Authors: August Allocco; Sheng Chih Jin, PhD; Weilai Dong, BS; Xue Zeng, BS; Charuta Furey, MD; Ashley Dunbar, BS; Sierra Conine, BS; Carol Nelson-Williams; Murat Gunel, MD; Richard Lifton, PhD; Kristopher Kahle, MD, PhD; Tyrone DeSpenza, BS (New Haven, CT)
Congenital hydrocephalus (CH), thought to arise from failed cerebrospinal fluid (CSF) homeostasis, is treated with lifelong surgical CSF shunting with substantial morbidity. CH pathogenesis is poorly understood. Our recent genomics study of 180 probands with CH identified four novel CH genes, each implicated in regulating neural stem cell fate (Furey et al., Neuron, 2018). Nonetheless, less than 10 percent of studied cases are solved by these genes.
To expand our understanding of CH genetics, we doubled the size of our cohort via robust domestic and international collaborations and exome sequenced a total of 361 radiographically confirmed CH probands, including 216 case-parent trios, 14 familial cases, and 2 brain tissue-germ line paired samples.

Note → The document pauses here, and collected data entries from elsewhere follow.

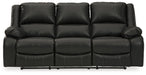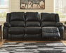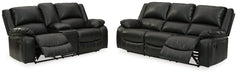 Sleek and streamlined, this power reclining set draws out your leisure time with its bustle back construction and thickly cushioned armrests. The super soft faux leather gets a high-end tweak with jumbo contrast stitching so you don’t have to sacrifice style for comfort. Sink into the comfortably supportive cushions and stretch your evening as long as you can with the handy USB ports to power your devices.
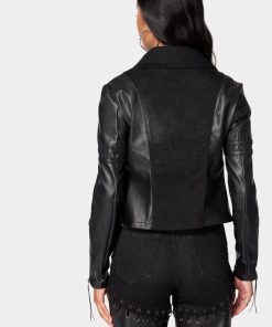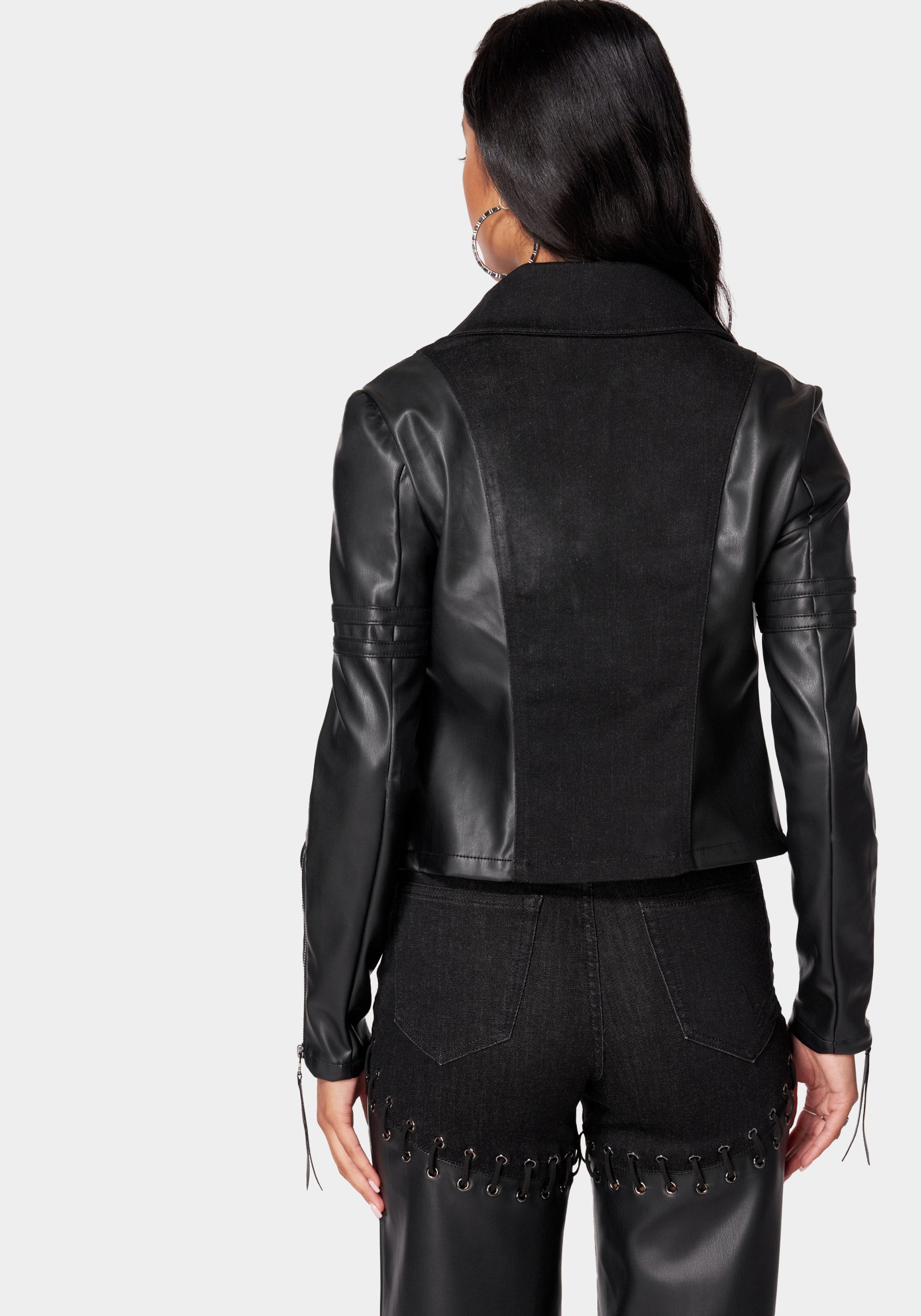 Unleash your inner fashionista with our denim combo vegan leather motto blazer. This blazer combines the rugged coolness of denim with the sleek sophistication of vegan leather, creating a unique look that’s both edgy and sophisticated. This blazer is perfect for layering over a graphic tee for a cool, casual vibe, or over a dress for a more dressy and bold statement.
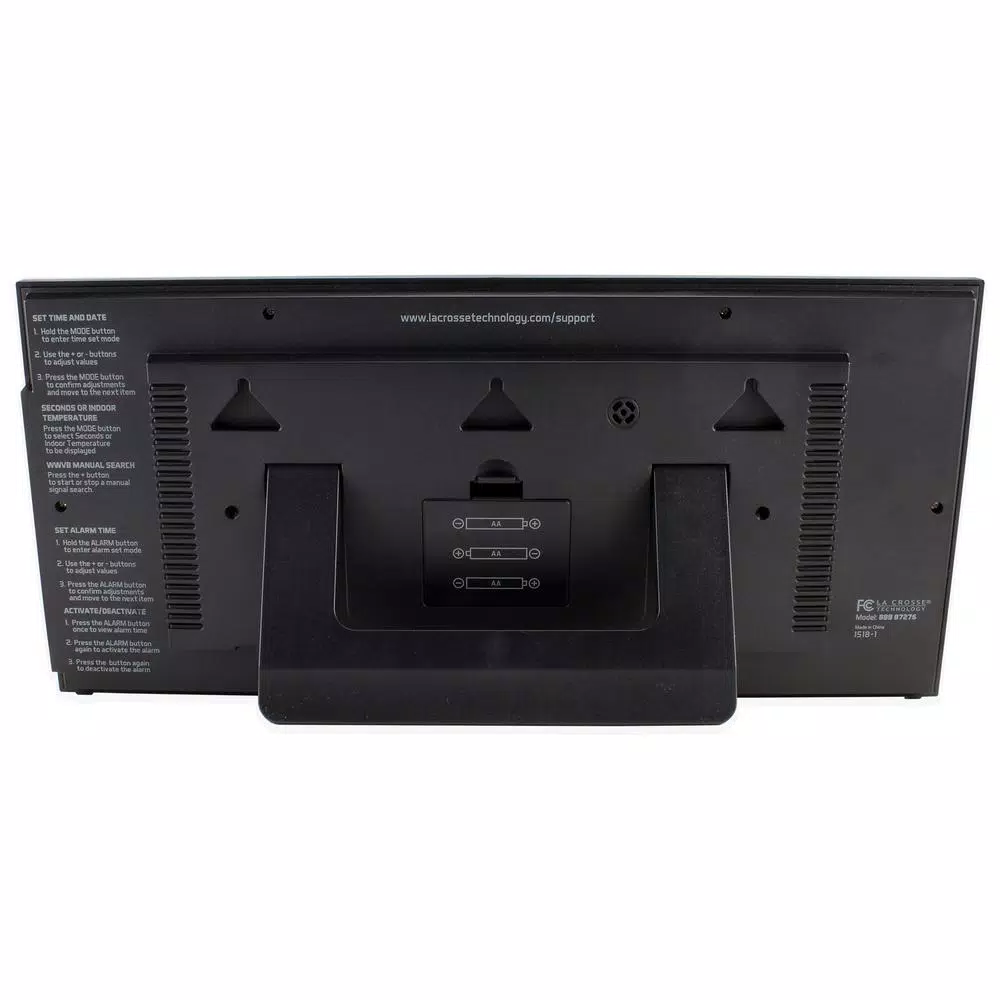 Extra-large atomic digital clock can be seen from across the room or down the hallway. Self-setting time to any of the seven different USA time zones, or if out of 2,000 mile radius of WWVB radio signal range may be used as quartz manual set clock. Optional 12 or 24-hour time viewing mode and temperature settings shown in Fahrenheit or Celsius. Battery operation (requires, not included 3 AA) so is wireless to place almost anywhere. Can be hung onto either a wall or stand on countertop. Icon indicators will show active alarm or WWVB signal or if low power, so you can replace the batteries.
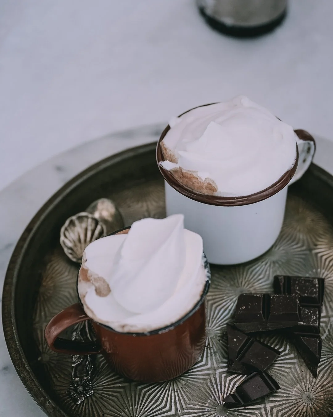 Vaahdota kasvivispi. Pakkaa mukaan rasiaan. Viimeistele kuuma juoma kermavaahdolla ja strösseleillä. Nauti!
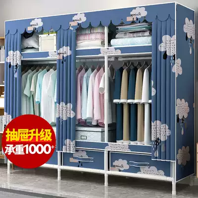 Simple cloth cabinet Household economical with drawer All-steel frame thickened and thickened storage wardrobe assembly double fabric
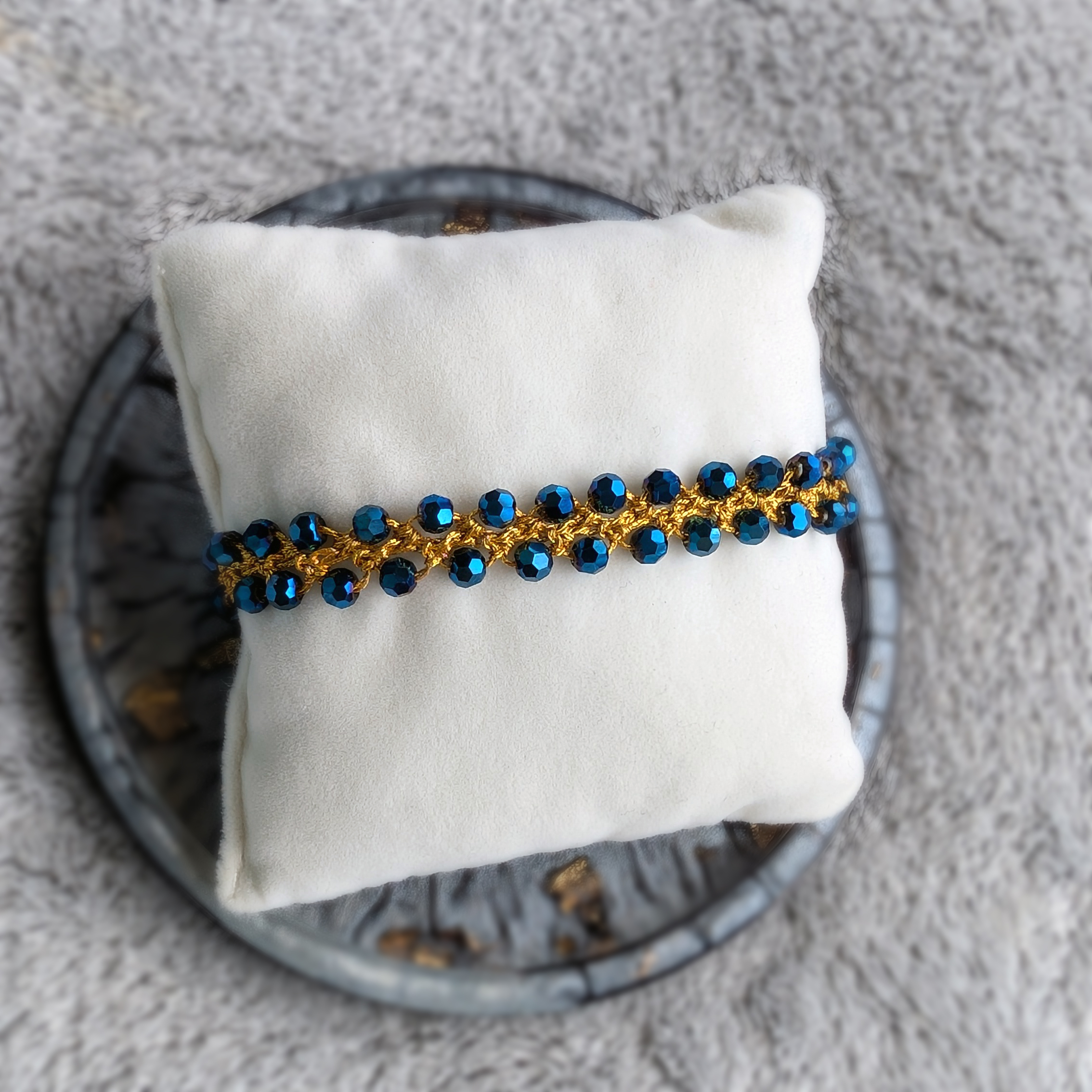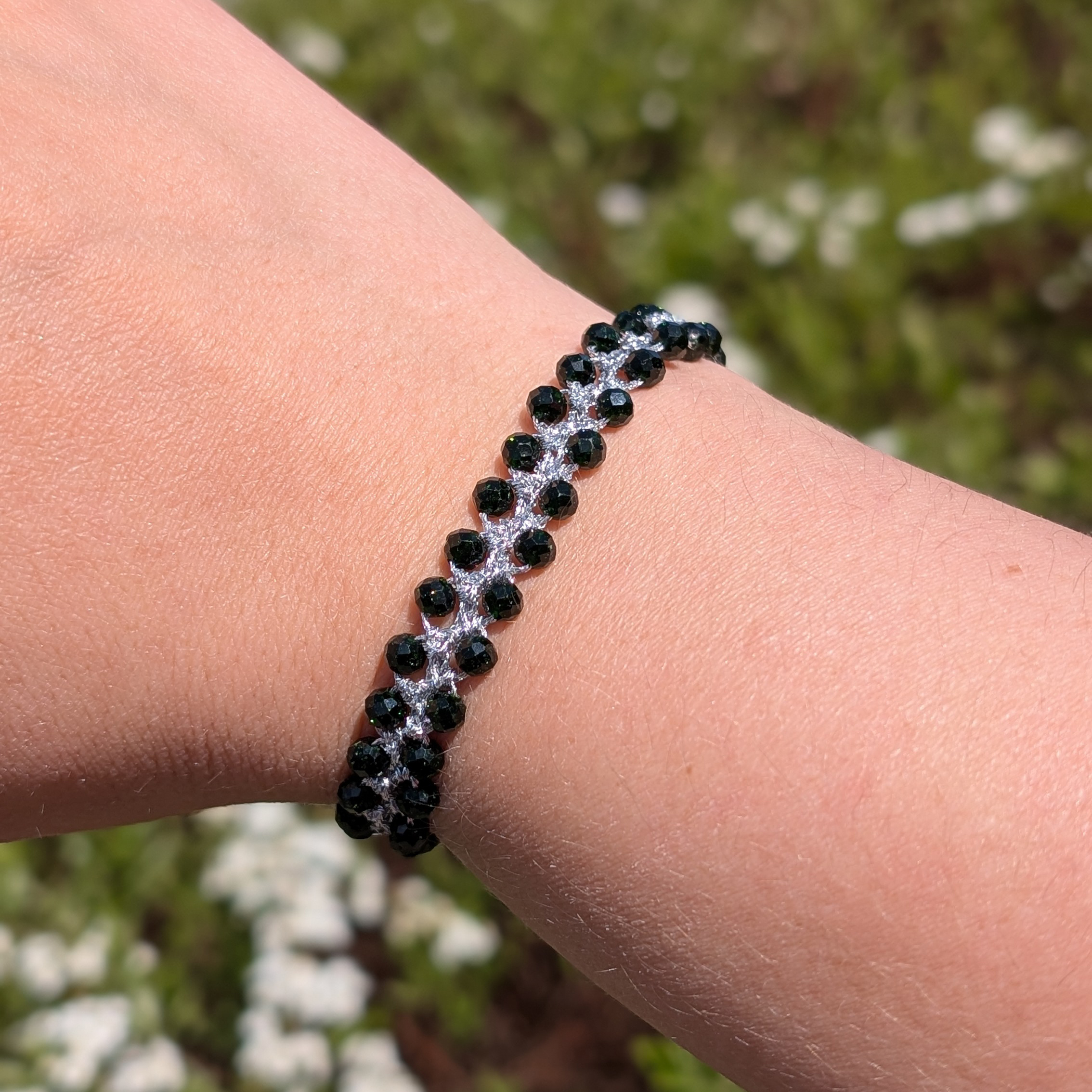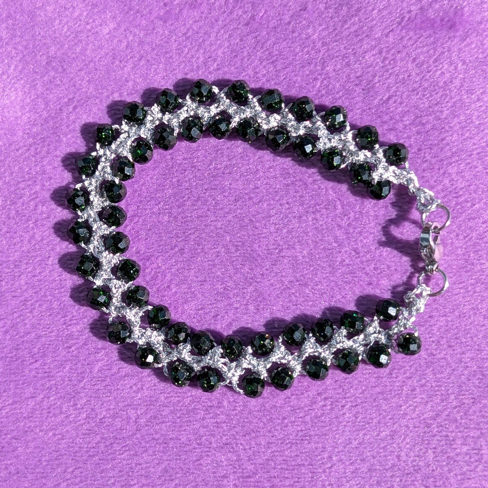 Bransoletki są wykonane ręcznie na cienkim szydełku z nici metalizowanych i kamieni naturalnych lub szklanych koralików. Posiadają elementy ze stali chirurgicznej (zapięcia, przekładki).

Exome sequencing revealed multiple new causative mutations in genes we previously identified (e.g., TRIM71 and SMARCC1), along with at least four novel CH genes, each of which is known to regulate ventricular zone NPC cell fate. Strikingly, three of these novel CH genes encode interacting enzymes of a signal transduction pathway targetable with available drugs.
These findings implicate new genes in CH and demonstrate related pathophysiology among sporadic and familial patients. These findings have implications for diagnosis, prognosis, and treatment, and suggest that in a subset of patients the risk of adverse neurodevelopmental outcomes may be unaltered whether or not shunting is performed.